Tuesday, January 13, 2009

The Great Debate


While the debate rages on about gay marriage between those without a brain and those without backbone, it is nice to hear that Maine is moving toward marriage equality. Isn't that a nice word? Equality. Not separate but equal. I know it will happen. It is inevitable. It will be a slow process but it will come as we wait for each little pocket of Americana to wake from their religious stupor and do what is right for all American citizens. I honestly believe that the eyes of many Americans have now been opened with the passage of Prop 8. They now know the danger that religious forces pose. They have seen the ugly side, pass the nativity displays and the cake walks. Every American with a brain and a grasp of what true freedom means will not allow it to happen again. It is up to the LGBT community to keep the truth out there. To put faces with the movement, real people, real families. We still should have ads on the air across the country as well as the on the internet. It is too easy to forget or become complacent without reminders. We need to press forward while the momentum is still at our backs. As new information about religious cover ups, special treatments, abuses and misdeeds come to light, we need it to be shown to the American public. Make the "church" the enemy with their own deeds. We won't have to use lies as they did against us, their truths, their actions are much more frightening than anything we could manufacture. The LGBT community should be constantly reminding middle America what is really at stake: The American way of life, the pursuit of happiness and the promise of freedom from religious oppression. That is why this country was founded.

2 comments:

Sam said...

Amen, Brother UltraDave.

Steven and i give so much money every year to the usual GLBT organizations / lobbies... i really hope it is going to good use. I do share your hope that we are at a true turning point now.
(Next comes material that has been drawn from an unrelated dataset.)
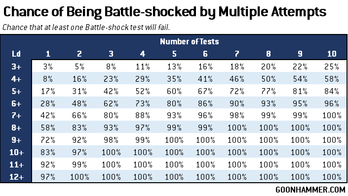 Your chances of forcing a fail improve as you force multiple tests, but they're also heavily dependent on that ability to reduce enemy leadership. In this case, -1 is significant, but that's not the only debuff you can apply: The Noxious Blightbringer is a stealthy pick here as his

We need to throw a strong, harsh light on this turning point, the same way the sit-ins and boycotts in the south illuminated apartheid there that the rest of the country did not agree with. Especially after WWII, most Americans truly saw African Americans as their equals--on the battlefield, in the factory, in schools..

I wish i could come up with the creative answer. "A Day Without Gay" back in December certainly was NOT it.

If we could brainstorm with Martin Luther King and Rosa Parks and Ghandi all all kinds of dead folks, what would they advise us to do??

We should write a play based on that premise.

Richard said...

Nicely said, Dave. As the above comment, I was heartened at Stonewall II - all the rallies and protests immediately after Nov 4th. That was great to see and experience.

As to "next steps" - I think that is up to each community. But I hope gays and lesbians everywhere are strategizing about ways to be visible and vocal in 2009 - in their hometowns.

It is easy to march in Washington DC or to act gay in San Francsico. It is more difficult to have "kiss in" at your local mall or to write personal letters of your GLBT experiences to your local paper. But this will change in the USA locally. We have to get out there and be seen and heard.